- **Source material**:
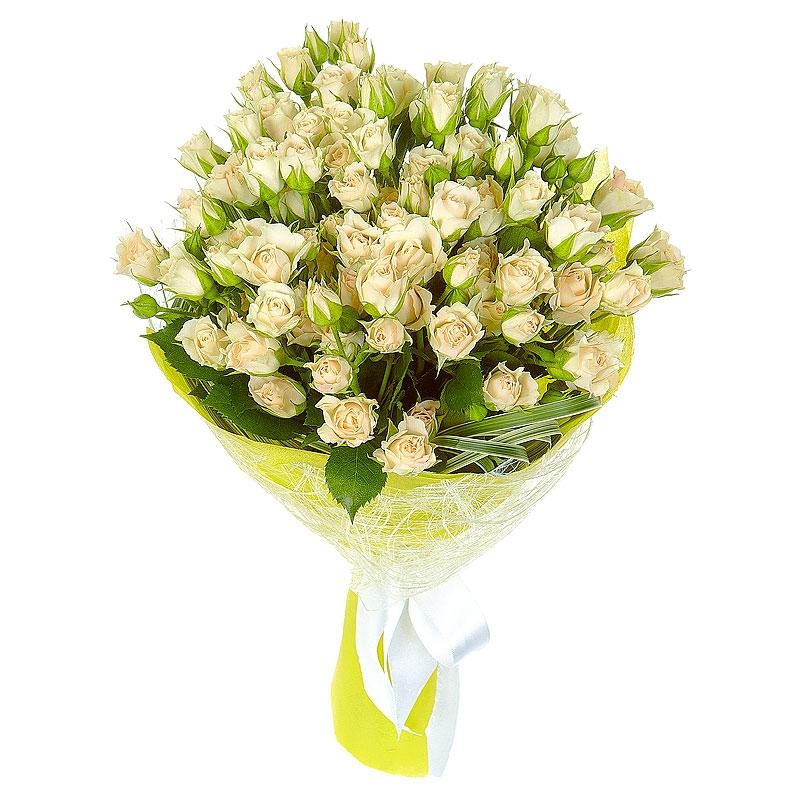 Букет состоит из 11 белых кустовых роз, зелень, красивая упаковка, атласная лента.
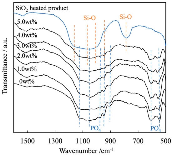 Figure 6 presents the FT-IR spectra of these same sintered bodies. The spectrum of a sample of heated colloidal SiO2 is also shown in the figure. Each of these spectra contains peaks ascribed to the bending and stretching vibrations of PO4 groups (attributed to the presence of calcium phosphate) within the ranges of 550 to 605 cm−1 and 905 to 1120 cm−1, respectively. In contrast, there are no peaks related to by-products such as hydroxyapatite or Ca2P2O7 [,]. In the FT-IR spectrum of the heated SiO2 sample shown in the figure, absorption spectra attributed to Si-O-Si stretching vibration and bending vibration of SiO2 were observed at 1000–1200 cm−1 and 800 cm−1, respectively [,], but as in the X-ray diffraction results, these absorptions could not be clearly distinguished. XRD patterns and FT-IR spectra showed no evidence of synthetic reactions such as compounding or substitution of the blended SiO2.
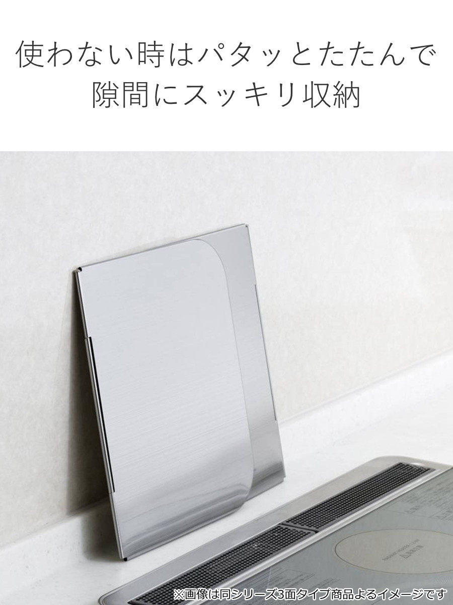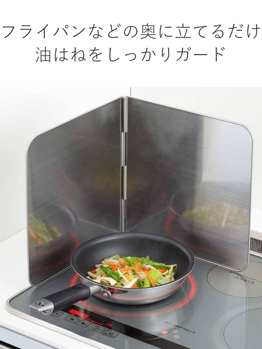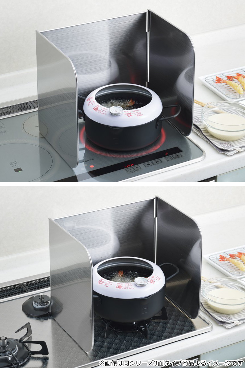 フライパンや鍋のそばに立てるだけの簡単設置で手軽に使えます。2面タイプなので、コンロやIH、鍋などのサイズを気にせずにお使いいただけます。

- **Exercise description**: Repeat the material above word for word, please, apart from its images.

- **Solution to the problem**:
 Букет состоит из 11 белых кустовых роз, зелень, красивая упаковка, атласная лента.
 Figure 6 presents the FT-IR spectra of these same sintered bodies. The spectrum of a sample of heated colloidal SiO2 is also shown in the figure. Each of these spectra contains peaks ascribed to the bending and stretching vibrations of PO4 groups (attributed to the presence of calcium phosphate) within the ranges of 550 to 605 cm−1 and 905 to 1120 cm−1, respectively. In contrast, there are no peaks related to by-products such as hydroxyapatite or Ca2P2O7 [,]. In the FT-IR spectrum of the heated SiO2 sample shown in the figure, absorption spectra attributed to Si-O-Si stretching vibration and bending vibration of SiO2 were observed at 1000–1200 cm−1 and 800 cm−1, respectively [,], but as in the X-ray diffraction results, these absorptions could not be clearly distinguished. XRD patterns and FT-IR spectra showed no evidence of synthetic reactions such as compounding or substitution of the blended SiO2.
 フライパンや鍋のそばに立てるだけの簡単設置で手軽に使えます。2面タイプなので、コンロやIH、鍋などのサイズを気にせずにお使いいただけます。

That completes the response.